I lost consciousness just after signing the forms. I came to almost 24 hours later. I had to pee soooooo bad, and my muscles were still very achy, but I did feel better. I was told by the doctor that if I had been brought in even a half hour later I would have probably died. I was told I had a bad bronchitis infection and diabetic ketoacidosis.

I spent almost four days in the hospital and learned a lot about why I needed to take better care of my diabetes.

One year later I fell into DKA again. Once again I was sick with a cold, under a lot of stress, and had no insurance. I recognized the symptoms early this time and went to ER. I was in the hospital for only two days this time but I felt miserable that I would let this happen again.

How do you treat DKA?  First: Recognize the symptoms. Second: Test for ketones using a home test kit (you can buy these at any pharmacy for pretty cheap). Three:Go to your doctor or ER right away!

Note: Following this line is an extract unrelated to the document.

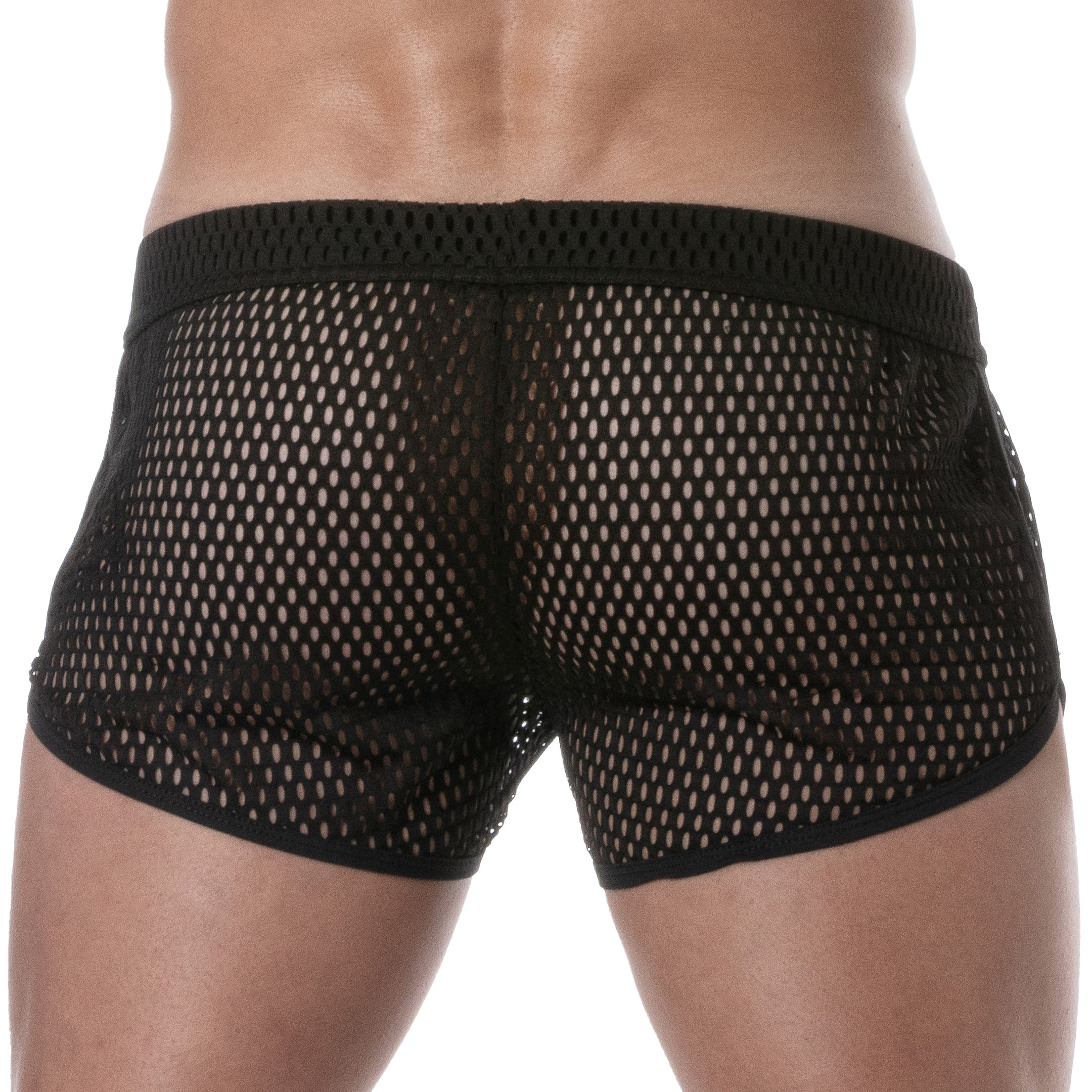 Découvrez le Mini Short Tof Paris See Through, un short sexy noir en mesh transparent pour un look ultra tendance. Sa coupe taille basse rétro vous garantit un style audacieux et sensuel. Ce short sans doublure ni slip intérieur est idéal pour dévoiler vos courbes avec subtilité.

At the hospital you will be hooked up to an IV and given fluids, insulin, and electrolytes to rehydrate and replace lost electrolytes and reduce your blood sugar level to normal range. Many times your doctor will put you on a low carb (diabetic) and/or liquid diet for your duration of stay in the hospital. You also will be treated for any other illness you may have that could have caused you to fall into DKA (cold, flu, infection, etc.).

Diabetic Ketoacidosis is serious business but by no means should a diabetic live in constant fear of it. The vast majority of the time it can be prevented by keeping your blood sugar under tight control. When you get sick or have any kind of infection you should work even harder at controlling your numbers.

And drink plenty of water! Stay hydrated!


2 thoughts on “Diabetic Ketoacidosis”

  1. Thank you for sharing your story and this very important info for diabetics! As a fellow type 1 diabetic, DKA is a term I know all to well. I hope your doing well and feeling better. I think insulin should be provided for free to type 1 diabetics. I have been in 3 diabetic comas in my 20s when I was a struggling single mom & no insurance. I either had to keep a roof over my son and I, make sure my son had food and diapers or pay for insulin. I chose my sons well being over insulin. I to did the bare minimum and in the process did major damage to body. Anytime our sugar goes over 250 we are doing damage. DKA is horrible to say the least.


  2. My precious daughter just spent a week in hospital with a DKA diagnosis. She had all the symptoms you described. It was very frightening. Her insulin has been adjusted, and I believe the episode has prompted her to check her glucose level 3 – 4 times a day. I hope she never has another DKA episode again!
    Thank you for writing very important entries!